Five basketball exercises to try at home

    6 January 2021

    Basketball is a great way to keep physically active at home or in the park during this latest lockdown. With team sports suspended, five of the biggest stars in British basketball – Justin Robinson, Joe Ikhinmwin, DeAndre Liggins, Kevin Ware and Dirk Williams – who play for the London Lions share some easy exercises to master in your backyard or on your nearest stretch of concrete. Whether you’ve got kids bouncing off the walls at home or you simply want to hone your game, these are the drills for you:


    The proper shooting technique involves the shooter focusing on their stance, how they hold the ball, aiming the ball, releasing the ball, and then following through. Bending your knees and elbow to shoot the ball are important as well as aiming at the back at the ring. The arm should extend as you release the ball with the follow through to be smooth and then held for a short time. Once comfortable with shooting the ball, consistency in hitting shots can be developed through these simple basketball drills at home:

    Free throws

    Shooting from the free throw line is a great way to make that shot form consistent and to then build confidence in making shots. See how many goals you can make out of 20 and work to improve on that the next time round. The free throw line distance is about 15 feet from the backboard which is used in games once kids reach the age group of under 10/12.  Ensure your child does not step over the free throw line until the ball has hit the ring as that’s a rule in the game!

    Around the world

    This drill involves making your way around set spots on the outside of the key with each shot they make. Start at one side until you make your way all around and back down to the other side of the key. If there is no key at the local park, a similar drill can be done but by taking a step outward with each shot they make. Once you reach approximately 15 feet from the ring, direct their steps towards the other side of the ring to eventually take steps back down towards the ring.


    Dribbling in basketball is used to advance the ball up the court, take on the defence to get to the ring and to get away from opponents into free space. When undergoing these drills, you need to focus on pushing the ball towards the floor with force and then being able to control it through spread fingertips. The ball should stay at hip height or below and your focus needs to be up and forward, not on the ball. Simple basketball drills to practice dribbling at home include:

    Weak hand dribbling

    Dribbling on the spot with the opposite hand, to then dribbling with the opposite hand whilst moving. It’s important to emphasise that you keep your head up and eyes straight.  Also, raising the opposite arm whilst dribbling should be encouraged as it will build good habits in protecting the ball from the defender.

    Straight Line Dribbling

    Walking and dribbling the ball through each leg and behind the back. Starting by making three dribbles with the one hand and then switching it to the other hand. Through the legs, behind the back whilst dribbling is also a great way to practice coordination. As you master the drill, you can do two dribbles and switch, one dribble and switch, and then constant switching.

    Cone Dribbling

    Setting up cones (or similar) in a line advances straight line dribbling. Enhance your dribbling ability by dribbling fast and in between cones whilst making crossovers or through the leg’s dribbles. Make faster decisions and quicker moves by shortening gaps in between the cones. With practice, your dribbling will become more controlled. If you become too good at this, try to do it back when returning through the cones as well.

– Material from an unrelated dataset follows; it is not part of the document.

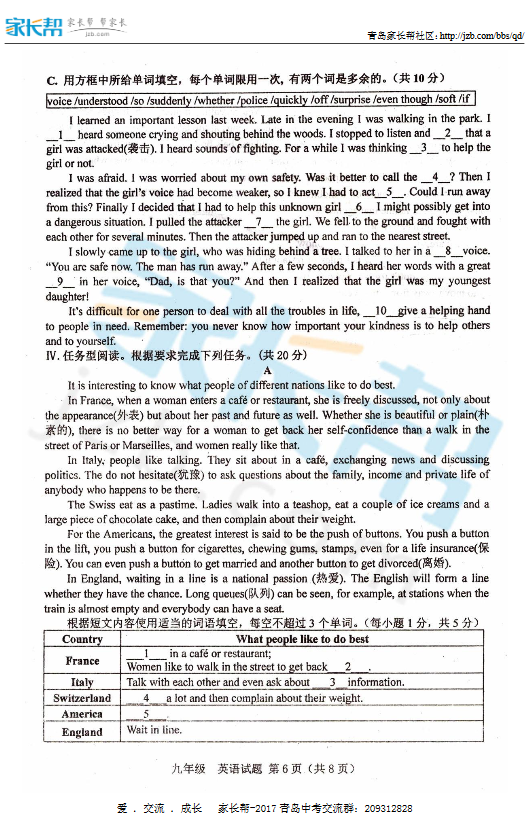 2016-2017学年市南九年级第一学期期末英语试题(6)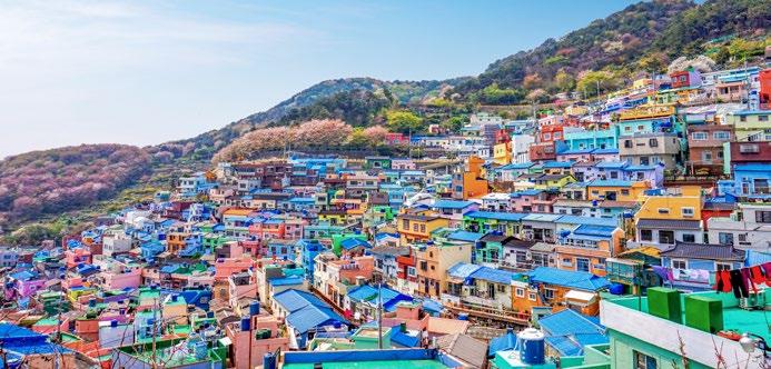 Dieser vierstündige Ausflug führt Sie zuerst ins Gamcheon Kulturviertel, wo Sie bunte Gassen mit Kunstinstallationen und Wandgemälden entdecken. Danach geht es zum Songdo Beach, um den Skywalk zu erkunden, der spektakuläre Ausblicke bietet. Zum Abschluss haben Sie eine Stunde Freizeit auf dem traditionellen Gukje-Markt.

    Passing the basketball is a great way to improve your passing skills and reflexes and this can be done with a partner or up against a wall. When passing, you need to focus on spreading your fingers to improve ball control and ‘snapping’ the wrist to pass the ball quickly. Having a wide athletic stance to pass the ball with control and power. It is key to remember that your feet should be shoulder width apart; knees, hips and back bent.  Use widespread fingers and outstretched arms to catch the ball too. These three simple basketball drills can be used straight after one another for a great passing workout:

    Overhead wall pass

    Hold the ball above your head. Then throw it with both hands and catch it above your head with both hands. Repeat this process at approximately two metres away from the wall. Keep knees bent and aim to throw 20-30 passes. This is great for building strength through the arms and shoulders, making passing easier.

    One hand wall pass

    This drill is similar to the Overhead Wall Pass, however, get your child to focus on using just one hand. Remember to keep the ball up high, but this time around shoulder height. When using the right hand, the right foot should go forward and vice versa for the left side.  Spread those fingers and extend the arm with each pass. Repeat 20 times with each hand.

    One hand alternating wall pass

    This is the hardest of the three simple basketball drills for passing and it requires very good hand-eye coordination. Start with both feet back in line and spread apart to shoulder width.  Now, throw the ball back and forth off the wall alternating each hand. Keep the ball above head height and keep hands up high for the entire drill.  Watch the ball as it comes back into each hand with bent knees. Get those arms working a try for a total of 20 passes!